Her back-up plan is to start applying to jobs completely out of her field.
"It really hurts me to think that I've spent four years in school and spent about $100,000 dollars to end up working in a field that is not related to my degree,” Pegues said. “In the same breath, six months out I have to start paying on my school loans."
And as a very last resort, if she is still unable to find some type of gainful employment, she'd be willing to drive herself further into debt and apply to graduate master's programs in an attempt to become even more competitive. But, while searching for options, the impact on self-esteem can be grueling.
"What's wrong with me where I'm not competitive enough? Why am I not getting a response that I thought I would? I felt entitled,” she said. “I thought once I got a college degree I'm entitled to a job, that's just how this was supposed to work. You're told your whole life, "If you go to college you'll get a degree and make 'X' amount of money.""

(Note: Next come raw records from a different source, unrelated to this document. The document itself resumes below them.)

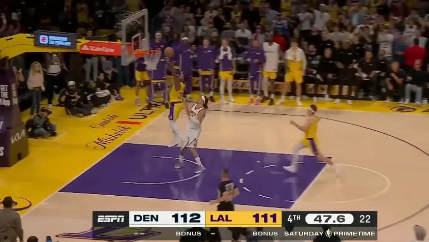 约基奇上篮得分再度追平比分,湖人最后一攻交给东契奇。东契奇起初准备走中路,看到布朗上前夹击后立即转向底角,使掘金包夹失效。随后面对琼斯的单防,在底线位置撤步中投,绝杀命中,为这场比赛画上最完美的句号。
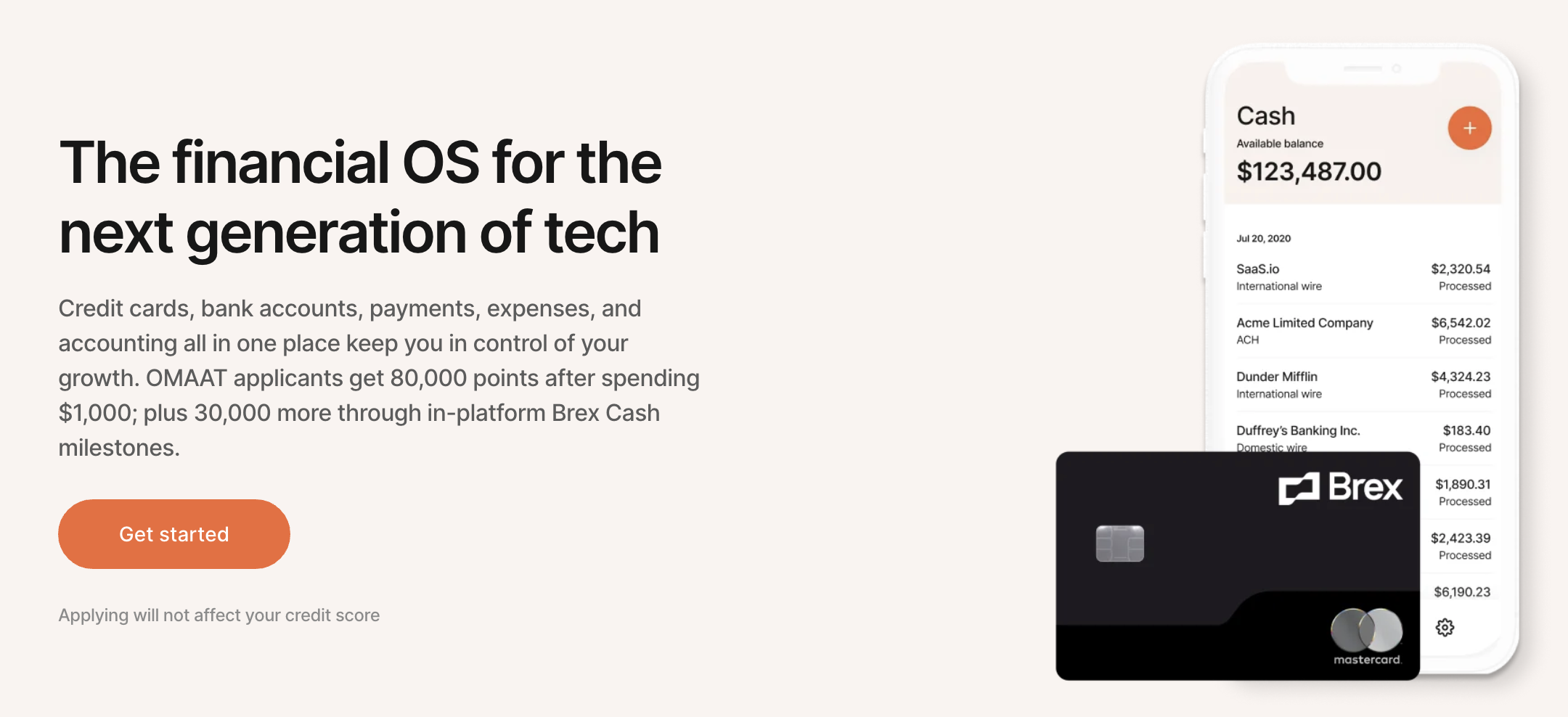 - 80,000 Brex points upon spending US$1,000 in the first three months
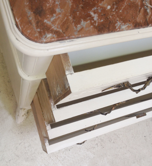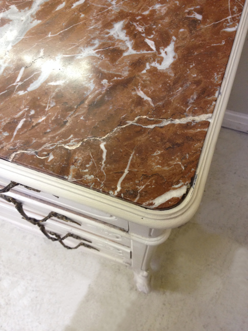the bevelled mirror in excellent condition for its age. It has a red, brown, grey and white marble top
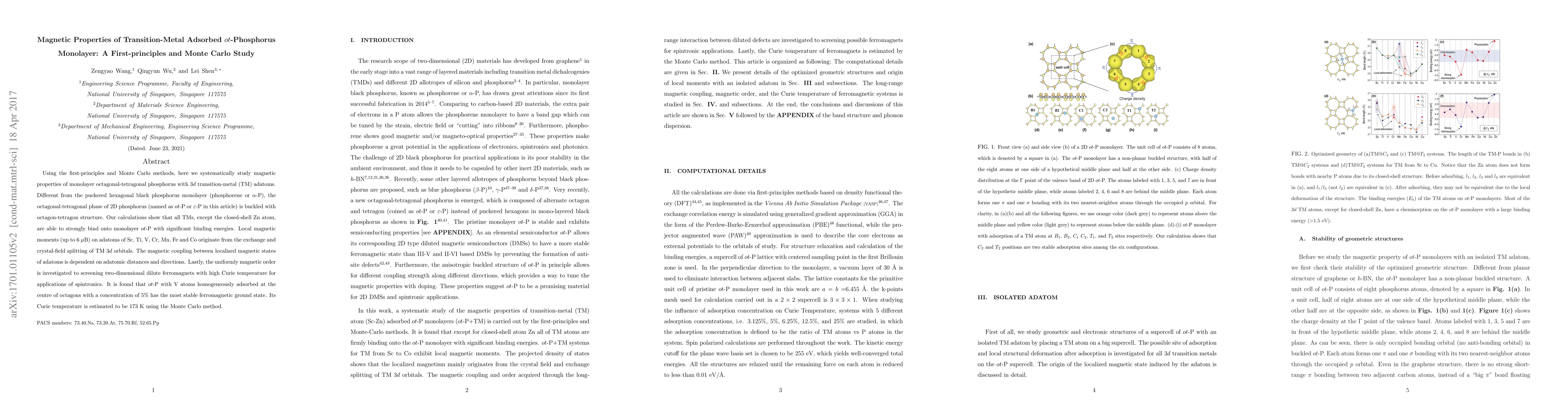 This study employs first-principles and Monte Carlo methods to explore the magnetic properties of octagonal-tetragonal phosphorus monolayers with adsorbed 3d transition-metal adatoms. It finds that all TM adatoms except Zn bind strongly to the ot-P monolayer, with significant local magnetic moments, and a stable dilute ferromagnet configuration with V adatoms at a concentration of 5% exhibits a high Curie temperature of 173 K.
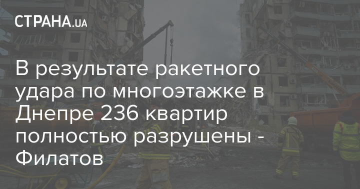 Мер Дніпра Борис Філатов заявив, що внаслідок ракетної атаки по житловому будинку в місті, яка забрала життя вже 40 людей, 236 квартир повністю зруйновані.
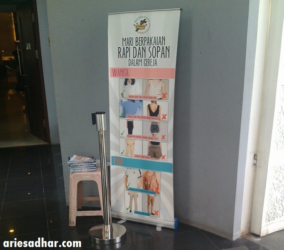 Sesudah ketemu Bunda Maria, saya masuk ke dalam Gereja. Sebelum pintu masuk ada sebuah tempat bundar dan di tengah-tengahnya ada air suci. Air suci ditempatkan di wadah besar, persis di tengah-tengah, beberapa meter dari pintu masuk. Saya kemudian melangkah mantap ke pintu masuk yang tampak kecil itu setelah sempat melihat banner himbauan berpakaian rapi dan pantas di Gereja. Sip juga.
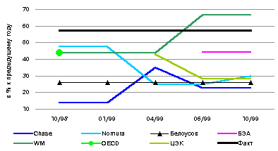 П ервые прогнозные оценки основных экономических и финансовых показателей на 1999 г., рассчитанные во второй половине предшествовавшего года, характеризовались достаточно существенным разбросом оценок и, как показало время, были крайне далеки от действительности. Это вполне естественно, поскольку проведение сценарного анализа было затруднено неопределенностью политических решений в отношении ситуации экономического кризиса, не говоря уже о конкретных мерах, предпринимаемых в рамках общих политических установок.
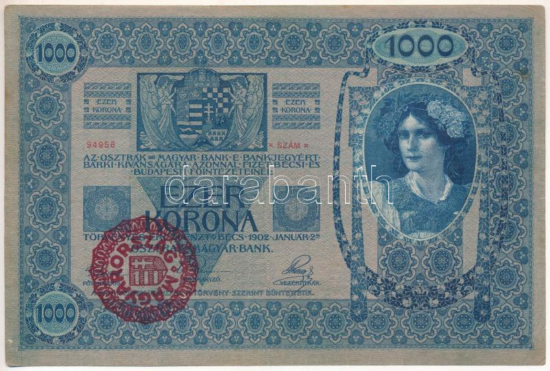 1902. 1000K "1509 94956" piros "MAGYARORSZÁG" felülbélyegzéssel T:F szép papír
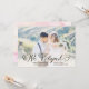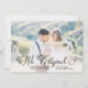 Ce faire-part élégant et à la mode de fugue de mariage comporte la belle calligraphie noire au-dessus de votre photo personnelle de mariage, et un lavage rose mou d'aquarelle sur le dos.
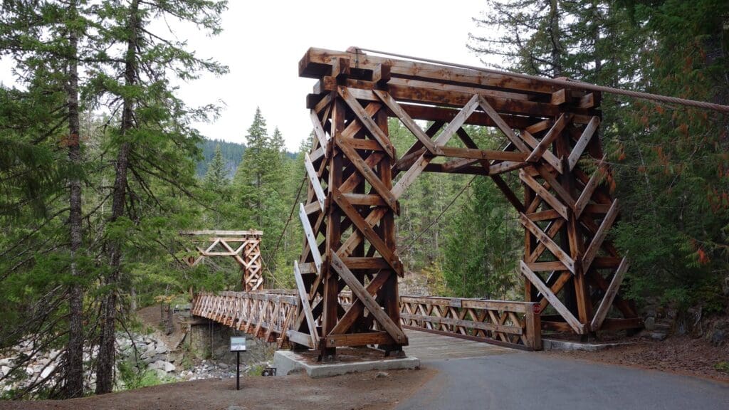 The Nisqually Suspension Bridge remains in use but doesn’t see as much traffic as it once did. The road continues to provide access to the Longmire Community Building and the renamed Longmire Stewardship Campground, but these facilities are closed to the public and used only by park volunteers and researchers who contribute to the mission of the National Park Service. With this gentle usage and rigorous upkeep, the bridge can be expected to be in service for decades to come.

Carol Dudley, director of career development for Howard University's School of Communications, is sending job leads to the hundreds of other students and graduates who are scrambling for positions. She said that while full fledged jobs are still hard to come by for post-recession graduates, many are taking advantage of post-graduate internships to get a foot inside with employers.
"The trend I'm noticing is that employers are not yet ceasing all of their jobs but what they are offering are college graduates post-graduate internships,” Dudley said. “They are paid. And you [are] expected to work full-time as a permanent employee."
The benefit to the company is that they don't have the permanent commitment to somebody that may not workout. But at the same time, the person interning will have an opportunity for permanent employment after their internship ends, which is typically in about 8-12 weeks.
Internships are good for temporary income, but they are not stable.
Jan Challenger, a recent graduate from City University New York- Brooklyn College, will be working on a 10-week paid internship for a company in Philadelphia for the summer.
Unfortunately, she's not counting on getting hired afterward.
"I wanted a job but because they are in bankruptcy even if I do well I won't get a job,” Challenger said. “After that, I really don't know what the future holds."
The internship will still give Challenger some tangible work experience and maybe a few contacts in her field.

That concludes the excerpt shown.